Without any images, write the listing below out word for word.

Data excerpt >>
════════

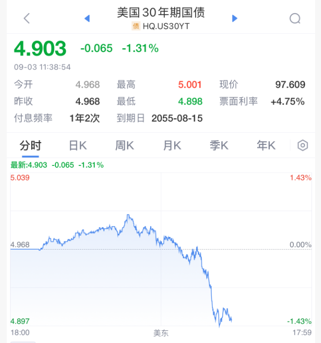 最新的数据推动市场押注2025年美联储至少降息两次。降息预期的飙升遏制了长期美债的抛售潮,此前30年期国债收益率一度接近5%,创7月以来最高水平。两年期国债收益率触及3.60%,为5月初以来最低。
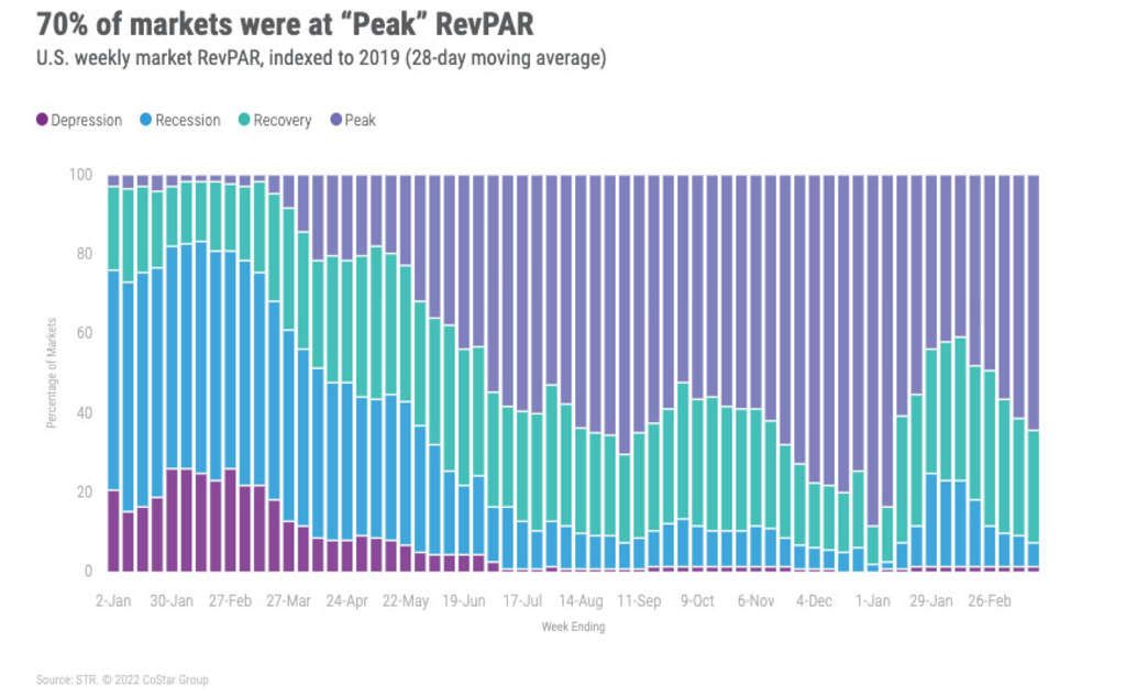 While Spring Break will continue through the second week of April, last week was likely the peak according to STR’s School Break Report. Sunday, 20 March 2022 had the second highest TSA security screenings since the start of the pandemic, the highest being the Wednesday before Thanksgiving 2021, which likely signifies people coming home rather than going on vacation. Given that travel volume, we expect demand will come down from the level seen last week but remain moderately solid through the remainder of Spring and then strengthen as we head into summer 2022.
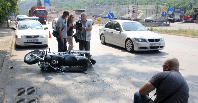 24-годишен студент се удари в лек автомобил с мотора си, съобщи Булфото. Инцидентът стана тази сутрин на ул. "Магистрална" във Велико Търново. Мотоциклетистът е пострадал и е откаран в ортопедичното отделение на местната болница със счупен крак.
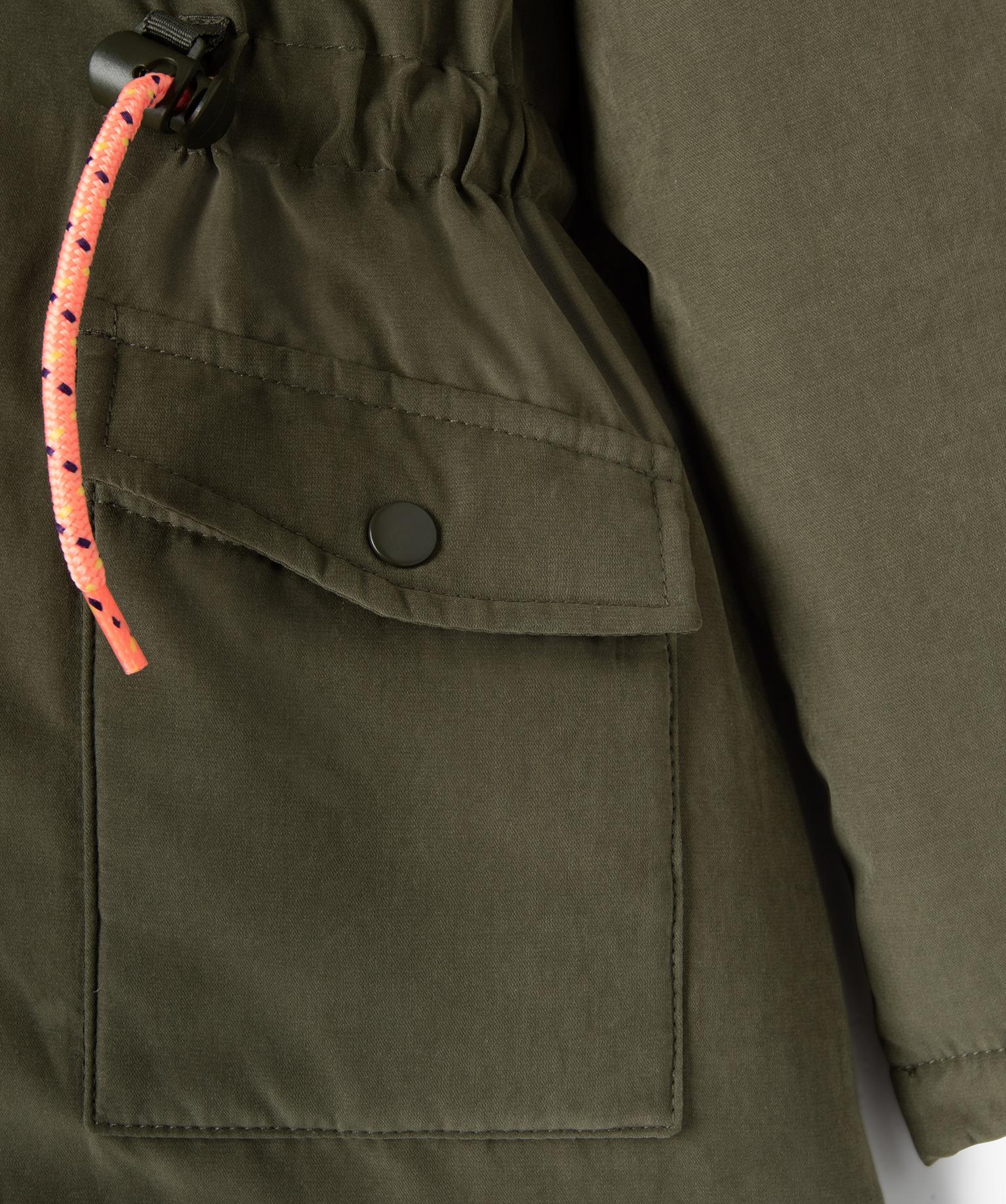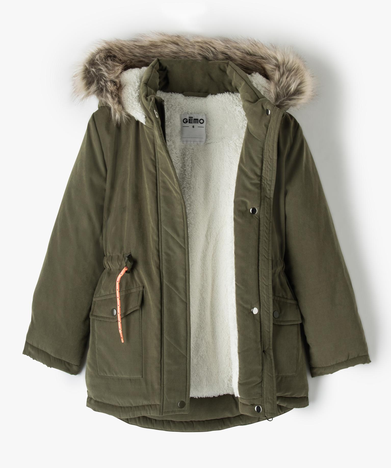Parka fille chaude et déperlante toucher peau de pêche kaki

════════

Written answer >>
 最新的数据推动市场押注2025年美联储至少降息两次。降息预期的飙升遏制了长期美债的抛售潮,此前30年期国债收益率一度接近5%,创7月以来最高水平。两年期国债收益率触及3.60%,为5月初以来最低。
 While Spring Break will continue through the second week of April, last week was likely the peak according to STR’s School Break Report. Sunday, 20 March 2022 had the second highest TSA security screenings since the start of the pandemic, the highest being the Wednesday before Thanksgiving 2021, which likely signifies people coming home rather than going on vacation. Given that travel volume, we expect demand will come down from the level seen last week but remain moderately solid through the remainder of Spring and then strengthen as we head into summer 2022.
 24-годишен студент се удари в лек автомобил с мотора си, съобщи Булфото. Инцидентът стана тази сутрин на ул. "Магистрална" във Велико Търново. Мотоциклетистът е пострадал и е откаран в ортопедичното отделение на местната болница със счупен крак.
Parka fille chaude et déperlante toucher peau de pêche kaki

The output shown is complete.